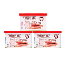 小猪呵呵火腿猪肉罐头92%猪肉高蛋白火锅泡面三明治即食 火腿猪肉198克*3罐92%猪肉
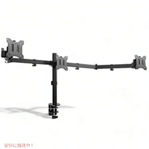 。同じ高さに調整でき、3画面を横並びにできるモニターアーム。クランプでしっかり固定。27インチまで対応。<特長>●3台のモニターを横並びに設置できるモニターアームです。●横並びで3
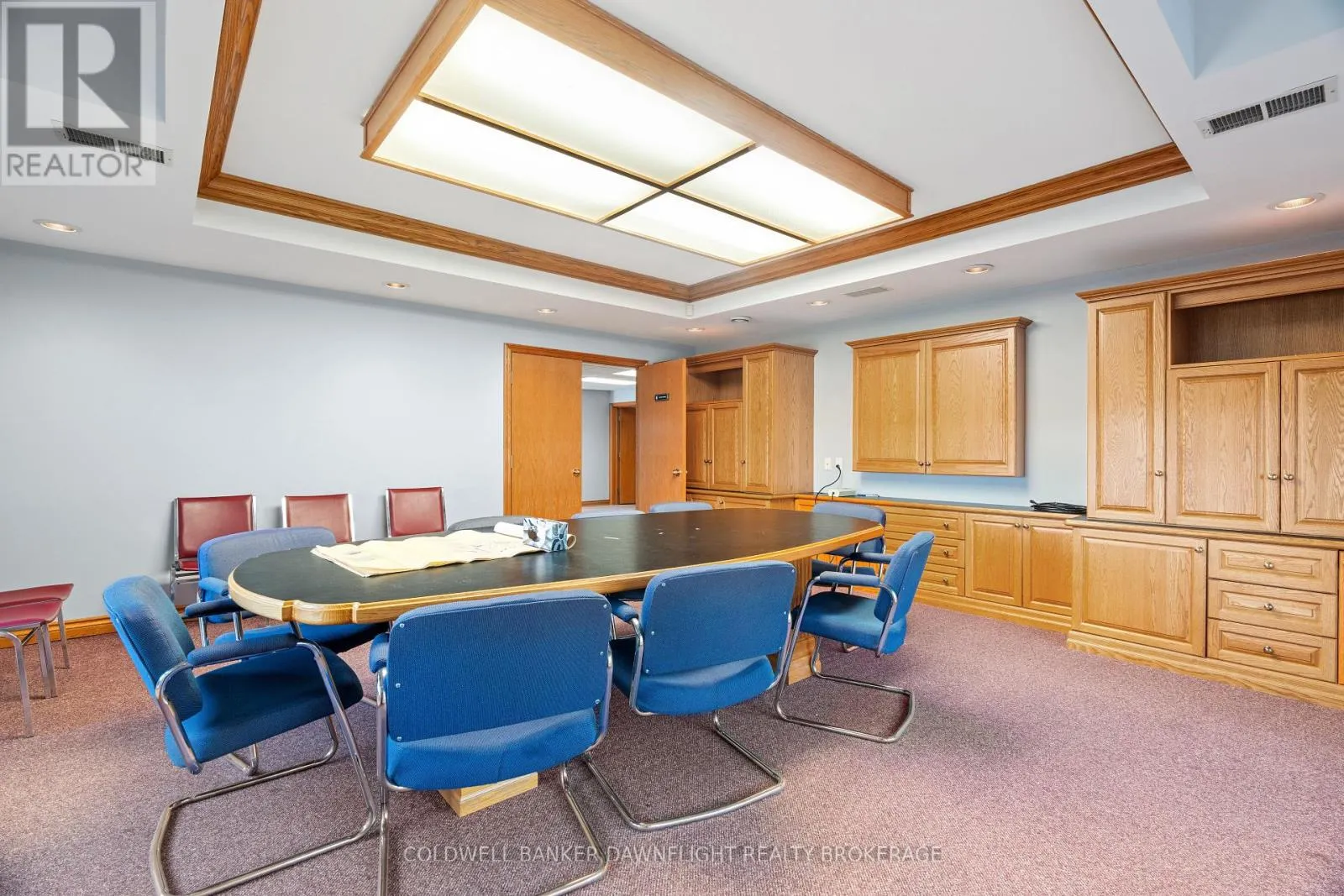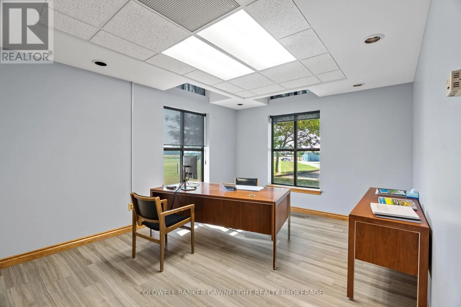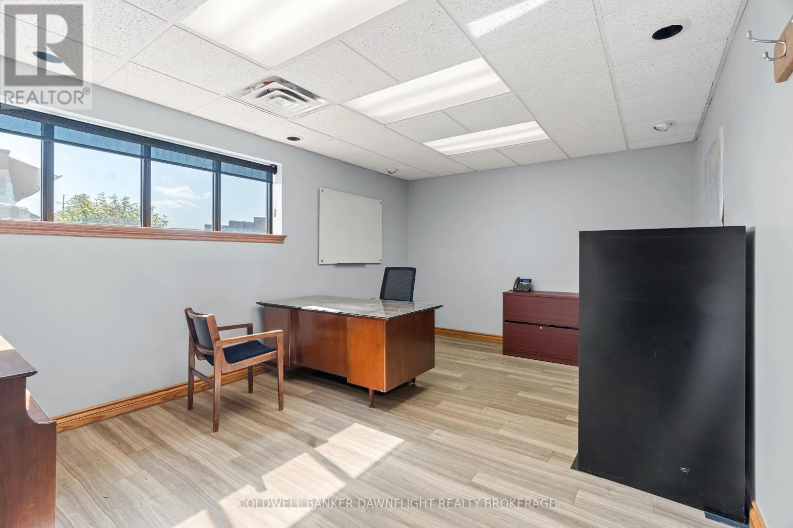 Cross Streets: North-west corner of Victoria Road & Mount Carmel Drive -. ** Directions: From Hwy 4 turn west onto Mt Carmel Road. Proceed right onto Victoria Drive. The property is on your left. What an opportunity! This meticulously maintained 2-level office building offers over 5,000 sq. ft. of finished space, perfect for meeting your business needs. Inside, you'll find multiple private offices, a spacious boardroom with custom cabinetry, open office areas, a dedicated employee lunch room, washrooms, and plenty of storage. The building boasts excellent curb appeal, designed by Oke Woodsmith Building Systems, one of the regions premier builders. The upper level is fully handicap accessible, either from the rear parking lot or via interior stairs. This versatile building can easily be divided into 2, 3, or even 4 separate units to suit your individual requirements. The possibility of living on one level and operating your business from the other level makes this property even more attractive. Each level has its own HVAC system, ensuring efficient climate control. Situated on a 2.44-acre corner lot, this property offers plenty of room for future expansion. It enjoys prime exposure and easy access to Highway 4 and nearby London businesses. Some office furnishings are included in the sale, and the building is ready for immediate possession. Priced well below replacement costs for a structure of this caliber, this is an a incredible value you won't want to miss! (id:27476)

____________

(Task description)
Your answer must contain the full data, repeated exactly, without pictures.

(Written response)
 小猪呵呵火腿猪肉罐头92%猪肉高蛋白火锅泡面三明治即食 火腿猪肉198克*3罐92%猪肉
 。同じ高さに調整でき、3画面を横並びにできるモニターアーム。クランプでしっかり固定。27インチまで対応。<特長>●3台のモニターを横並びに設置できるモニターアームです。●横並びで3
 Cross Streets: North-west corner of Victoria Road & Mount Carmel Drive -. ** Directions: From Hwy 4 turn west onto Mt Carmel Road. Proceed right onto Victoria Drive. The property is on your left. What an opportunity! This meticulously maintained 2-level office building offers over 5,000 sq. ft. of finished space, perfect for meeting your business needs. Inside, you'll find multiple private offices, a spacious boardroom with custom cabinetry, open office areas, a dedicated employee lunch room, washrooms, and plenty of storage. The building boasts excellent curb appeal, designed by Oke Woodsmith Building Systems, one of the regions premier builders. The upper level is fully handicap accessible, either from the rear parking lot or via interior stairs. This versatile building can easily be divided into 2, 3, or even 4 separate units to suit your individual requirements. The possibility of living on one level and operating your business from the other level makes this property even more attractive. Each level has its own HVAC system, ensuring efficient climate control. Situated on a 2.44-acre corner lot, this property offers plenty of room for future expansion. It enjoys prime exposure and easy access to Highway 4 and nearby London businesses. Some office furnishings are included in the sale, and the building is ready for immediate possession. Priced well below replacement costs for a structure of this caliber, this is an a incredible value you won't want to miss! (id:27476)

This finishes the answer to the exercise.